(Exercise materials)

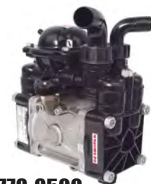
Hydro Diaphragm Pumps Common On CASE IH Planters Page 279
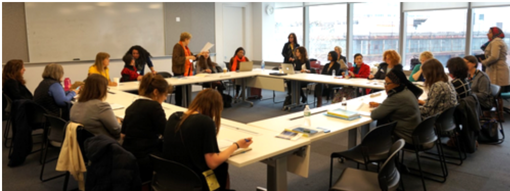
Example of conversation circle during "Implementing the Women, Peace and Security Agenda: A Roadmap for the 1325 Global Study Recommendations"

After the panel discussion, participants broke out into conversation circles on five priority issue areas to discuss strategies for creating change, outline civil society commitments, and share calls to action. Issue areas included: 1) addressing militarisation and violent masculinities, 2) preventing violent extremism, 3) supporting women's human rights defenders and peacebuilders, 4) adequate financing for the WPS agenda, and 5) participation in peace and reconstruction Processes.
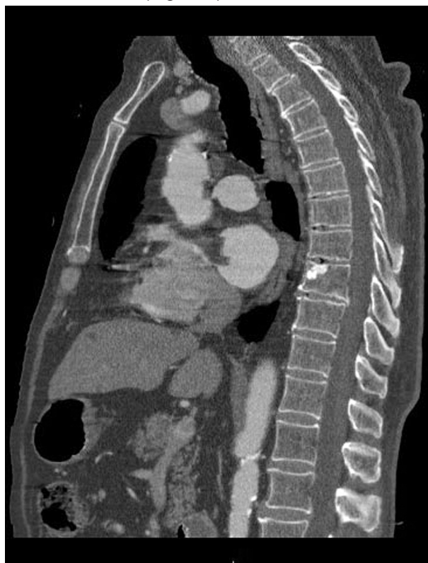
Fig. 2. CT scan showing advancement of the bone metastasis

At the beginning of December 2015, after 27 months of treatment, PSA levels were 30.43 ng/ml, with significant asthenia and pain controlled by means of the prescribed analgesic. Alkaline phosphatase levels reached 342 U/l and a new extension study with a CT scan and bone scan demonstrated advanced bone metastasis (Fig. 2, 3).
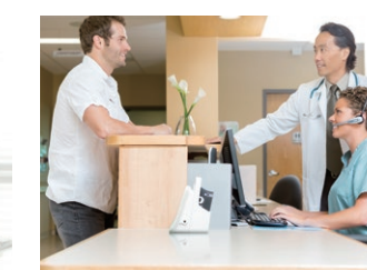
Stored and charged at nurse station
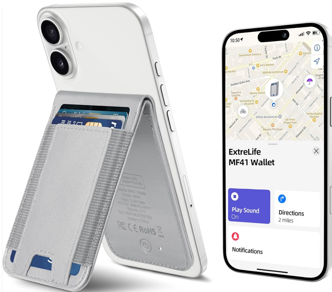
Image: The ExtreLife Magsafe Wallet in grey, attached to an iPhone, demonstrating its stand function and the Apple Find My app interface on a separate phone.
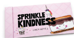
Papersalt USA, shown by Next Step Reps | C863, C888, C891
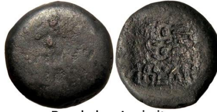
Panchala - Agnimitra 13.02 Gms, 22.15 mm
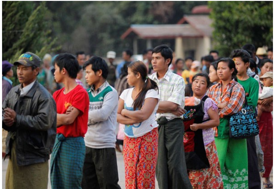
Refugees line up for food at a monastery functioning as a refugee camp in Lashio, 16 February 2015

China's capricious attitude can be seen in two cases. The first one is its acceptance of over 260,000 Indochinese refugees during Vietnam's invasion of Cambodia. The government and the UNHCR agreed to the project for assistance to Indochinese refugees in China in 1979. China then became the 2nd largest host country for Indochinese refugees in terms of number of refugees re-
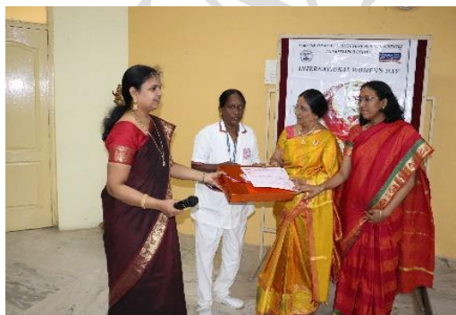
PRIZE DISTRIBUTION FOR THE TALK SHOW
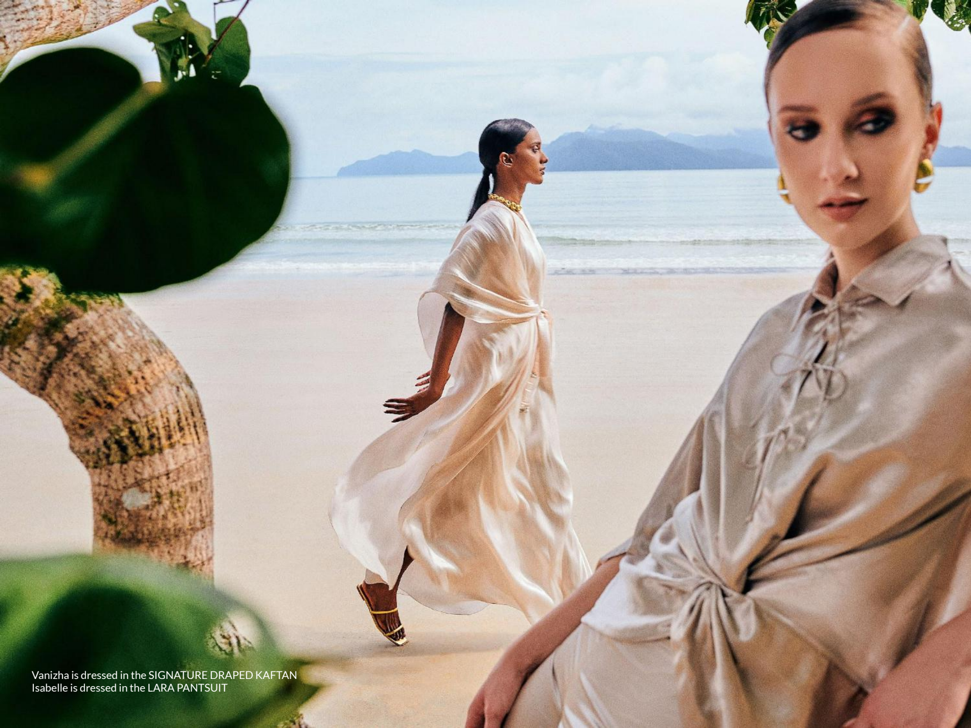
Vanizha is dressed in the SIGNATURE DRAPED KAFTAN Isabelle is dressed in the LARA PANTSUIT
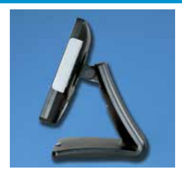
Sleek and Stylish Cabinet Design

(End Exercise materials)

What you need to do: Repeat, exactly and only, the lines from the one containing "Stored and charged at nurse station" through the final line of the data, both ends included, leaving out any picture.

Answer to the problem:
Stored and charged at nurse station
Image: The ExtreLife Magsafe Wallet in grey, attached to an iPhone, demonstrating its stand function and the Apple Find My app interface on a separate phone.
Papersalt USA, shown by Next Step Reps | C863, C888, C891
Panchala - Agnimitra 13.02 Gms, 22.15 mm
Refugees line up for food at a monastery functioning as a refugee camp in Lashio, 16 February 2015

China's capricious attitude can be seen in two cases. The first one is its acceptance of over 260,000 Indochinese refugees during Vietnam's invasion of Cambodia. The government and the UNHCR agreed to the project for assistance to Indochinese refugees in China in 1979. China then became the 2nd largest host country for Indochinese refugees in terms of number of refugees re-
PRIZE DISTRIBUTION FOR THE TALK SHOW
Vanizha is dressed in the SIGNATURE DRAPED KAFTAN Isabelle is dressed in the LARA PANTSUIT
Sleek and Stylish Cabinet Design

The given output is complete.